## [Work to complete]
Repeat exactly the lines running from the first line of the data to the line containing "La sequenza di", both ends included, and nothing else; drop the pictures.

══════════════════════════════

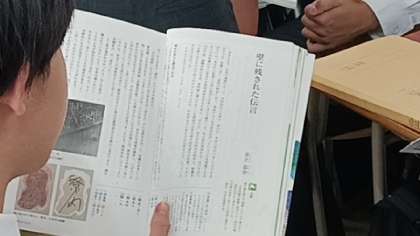 「壁に残された伝言」について、互いに音読をしながら理解を深めます。
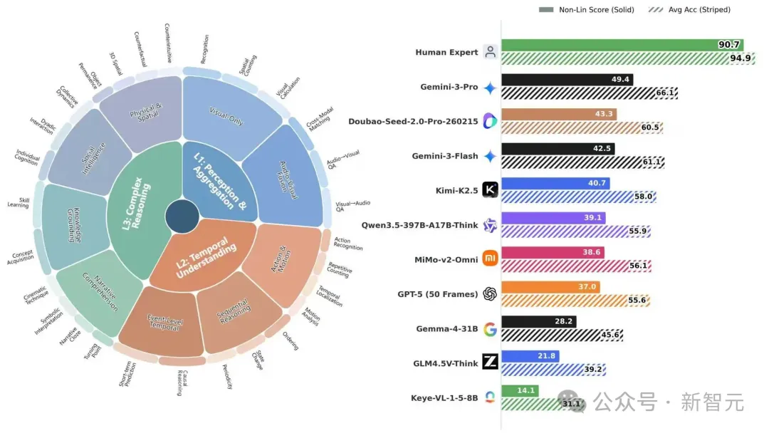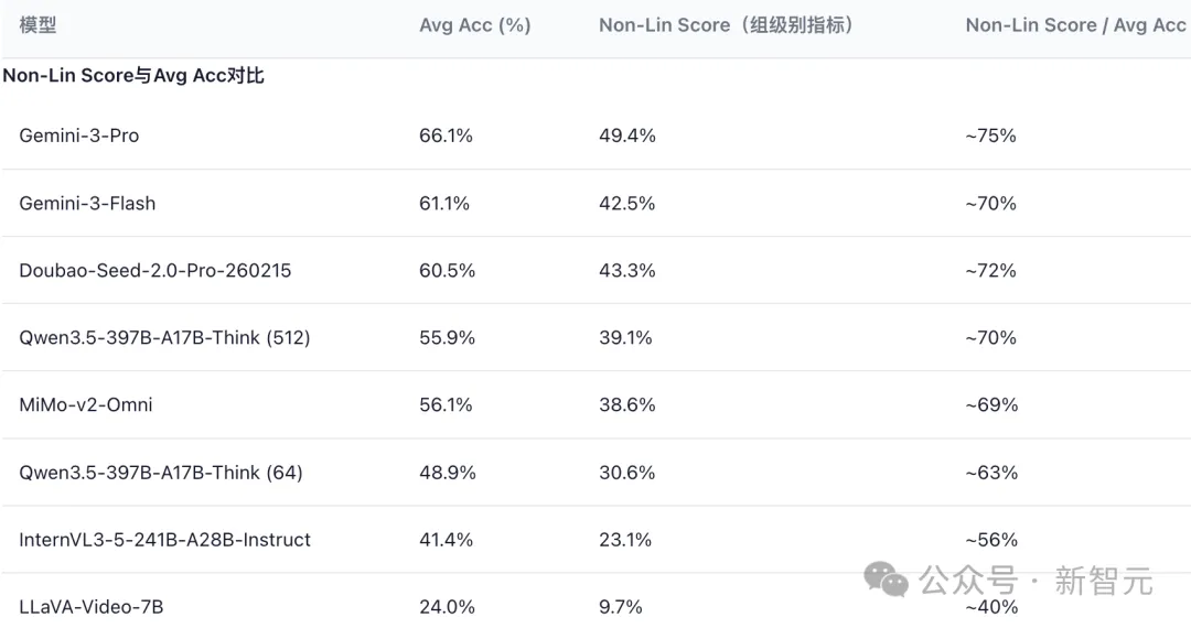 评测结果显示:人类专家的非线性得分为90.7(传统Acc为94.9),而当前最强的商业模型Gemini-3-Pro得分仅为49.4,开源模型Qwen最佳结果为39.1。
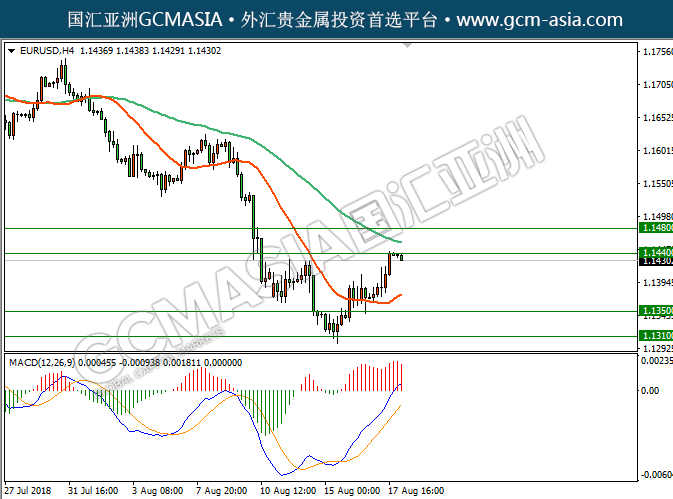 - EURUSD H4:欧美上行承压有所回落;短期关注空头趋势。MACD形成底部形成金叉,动能增强。上方关注1.1480的压力和1.1440的压力,下方关注1.1350的支撑和1.1310的支撑。
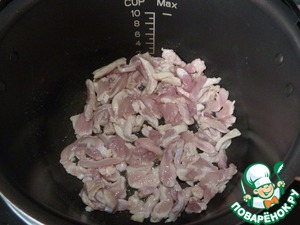 В разогретое масло выложить кусочки куриного филе, нарезанного узкими полосками. Обжаривать курицу до золотистого цвета, затем "жарку" отключить.
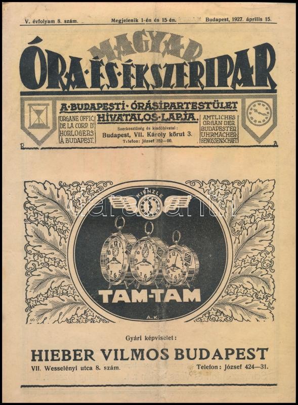 1927 Magyar Óra-, és Ékszeripar. V. évf. 8. sz. 1927. ápr. 15. Szerk.:... https://www.darabanth.com/hu/349-Gyorsarveres/349.0/Mutargy-papirregiseg-egyeb/Nyomtatvanyok~500030/1927-Magyar-Ora-es-Ekszeripar-V-evf-8-sz-1927-apr-15-Szerk-Schwarz-Zsigmond-Papir~II1984836
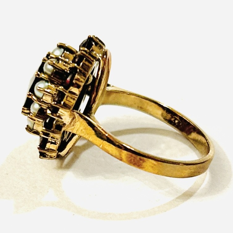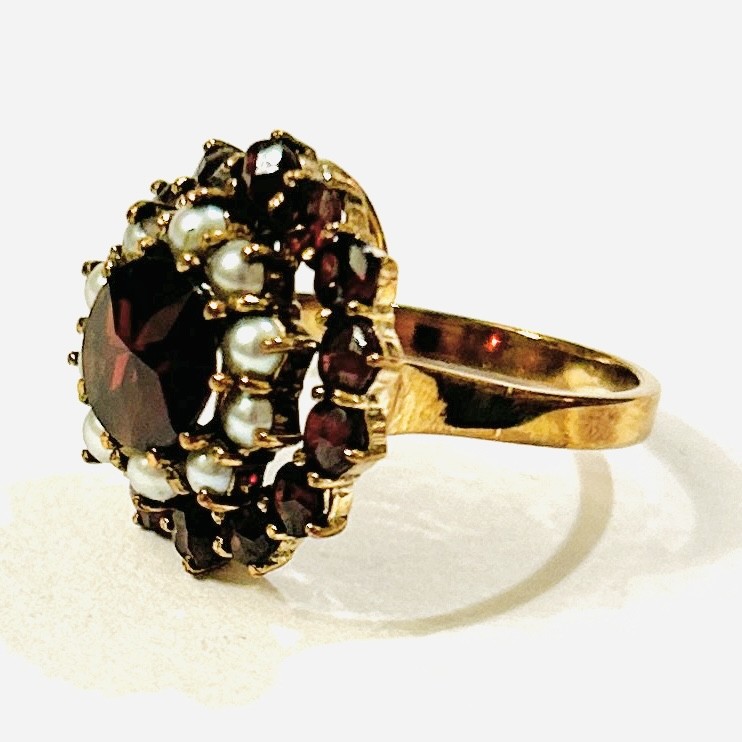 Honosný prsten s hlavicí připomínající kulatý květ, ve středu a při okraji osazeno přírodními granáty kulatého hvězdicového brusu, kontrastní kruh s přírodních bílo-šedých perel (půlperly), fasováno krapnami. Kvalitní německá zlatnická práce z 50. let 20. století. Zhotoveno z narůžovělého žlutého 8 karátového zlata, tj. o ryzosti 333/1000; nově opatřeno punc Z-59 (písmeno Z s květinou) a ryzostní číslo zevnitř šíny. Hmotnost 5,07 g, velikost 55, průměr hlavice 17 mm. Ve velmi zachovalém stavu, odborně vyčištěno a vyleštěno zlatníkem.
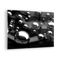 Glasbild - Bild auf glas - Metallische Tropfen auf einer schwarzen Oberfläche - 70x50cm - Aus der schwarzen Wassertiefe - Moderne Wanddekoration für Wohnzimmer und Schlafzimmer ARTTOR
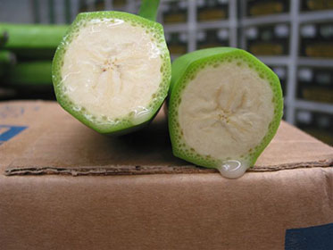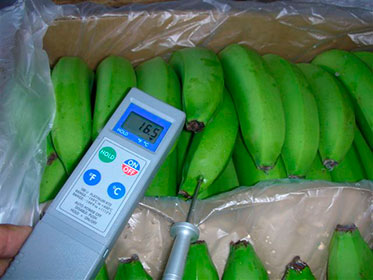 La sequenza di immagini qui sotto mostra una perizia effettuata allo sbarco su un carico di banane. I ns. tecnici verificano le condizioni del carico, lo stato dei frutti e ne misurano la temperatura e le caratteristiche complessive. In questo caso specifico, la banana, che deve essere di un colore verde brillante uniforme e va conservata a una temperatura di 13/13,2°C, presenta diverse difformità.
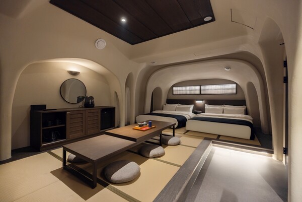 로비에는 셀프 미니바가 설치되어 고객 편의성을 높였고, 기존 곡선형 구조물을 활용한 아치형 인테리어는 동굴 특유의 구조미를 강조하며 콘셉트의 높은 몰입을 유도한다. 특히 최대 4인까지 투숙 가능한 료칸 콘셉트의 파티룸 ‘캐번룸’은 명확한 콘셉트 설계를 기반으로 상품성과 높은 객단가를 형성할 수 있는 수익성까지 모두 확보한 객실로 주목받고 있다.
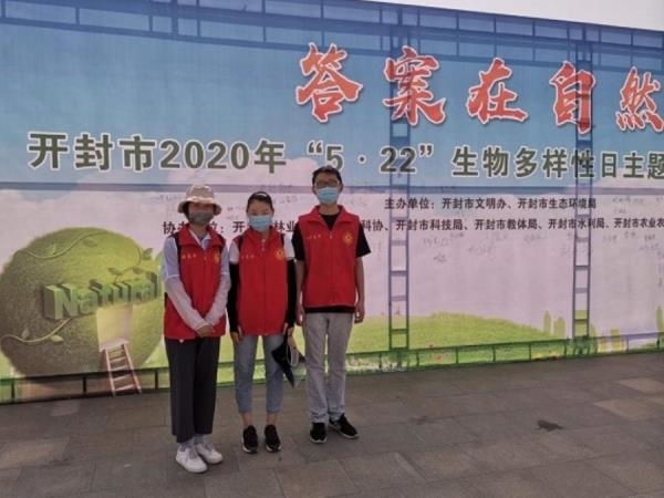 为深入学习贯彻习近平生态文明思想,充分展示开封市自然保护区成就,普及生物多样性保护知识,提高公众生物多样性保护意识,营造全民参与生物多样性保护氛围,5月22日,开封市文明办、开封市生态环境局主办的 2020年国际生物多样性日主题活动“答案在自然”在开封市大梁门外城墙公园内举行。我校生物教师杨芳芳,王晨,刘茜雅作为志愿者参加此次活动。活动开始后,群众代表宣读《2020年“国际生物多样性日”倡议书》,提出保护生
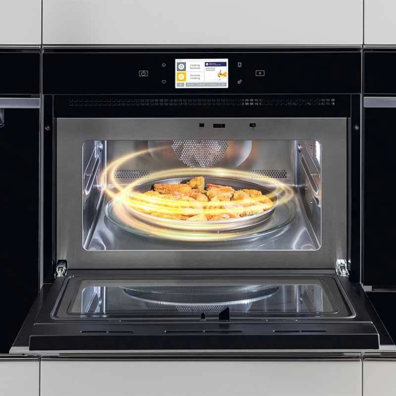 Achieving even results every time demands precisely controlled heat, distributed consistently throughout your microwave oven. This model is designed to fit in an eye level cabinet. Thanks to its 22 litre capacity, it’s an excellent choice for small sized households. The 900 watt power output means you’ll never need to wait long for your meals to cook. This microwave oven is wifi enabled and allows the user to download recipes to the oven with the 6th Sense Live app. Once downloaded you can prepare tailored dishes at the push of a button. With the 5in1 appliance you can choose from five different cooking methods: Crisp, CrispFry, Forced Air, Steam&Boil, Microwave. The 3D wave technology heats food from 3 different directions and the microwave also has a jet Start programme which gives a short burst of intense heat for 30 seconds. The dial touch controls also make it easy to control.

══════════════════════════════

## [Solution for this problem]
 「壁に残された伝言」について、互いに音読をしながら理解を深めます。
 评测结果显示:人类专家的非线性得分为90.7(传统Acc为94.9),而当前最强的商业模型Gemini-3-Pro得分仅为49.4,开源模型Qwen最佳结果为39.1。
 - EURUSD H4:欧美上行承压有所回落;短期关注空头趋势。MACD形成底部形成金叉,动能增强。上方关注1.1480的压力和1.1440的压力,下方关注1.1350的支撑和1.1310的支撑。
 В разогретое масло выложить кусочки куриного филе, нарезанного узкими полосками. Обжаривать курицу до золотистого цвета, затем "жарку" отключить.
 1927 Magyar Óra-, és Ékszeripar. V. évf. 8. sz. 1927. ápr. 15. Szerk.:... https://www.darabanth.com/hu/349-Gyorsarveres/349.0/Mutargy-papirregiseg-egyeb/Nyomtatvanyok~500030/1927-Magyar-Ora-es-Ekszeripar-V-evf-8-sz-1927-apr-15-Szerk-Schwarz-Zsigmond-Papir~II1984836
 Honosný prsten s hlavicí připomínající kulatý květ, ve středu a při okraji osazeno přírodními granáty kulatého hvězdicového brusu, kontrastní kruh s přírodních bílo-šedých perel (půlperly), fasováno krapnami. Kvalitní německá zlatnická práce z 50. let 20. století. Zhotoveno z narůžovělého žlutého 8 karátového zlata, tj. o ryzosti 333/1000; nově opatřeno punc Z-59 (písmeno Z s květinou) a ryzostní číslo zevnitř šíny. Hmotnost 5,07 g, velikost 55, průměr hlavice 17 mm. Ve velmi zachovalém stavu, odborně vyčištěno a vyleštěno zlatníkem.
 Glasbild - Bild auf glas - Metallische Tropfen auf einer schwarzen Oberfläche - 70x50cm - Aus der schwarzen Wassertiefe - Moderne Wanddekoration für Wohnzimmer und Schlafzimmer ARTTOR
 La sequenza di immagini qui sotto mostra una perizia effettuata allo sbarco su un carico di banane. I ns. tecnici verificano le condizioni del carico, lo stato dei frutti e ne misurano la temperatura e le caratteristiche complessive. In questo caso specifico, la banana, che deve essere di un colore verde brillante uniforme e va conservata a una temperatura di 13/13,2°C, presenta diverse difformità.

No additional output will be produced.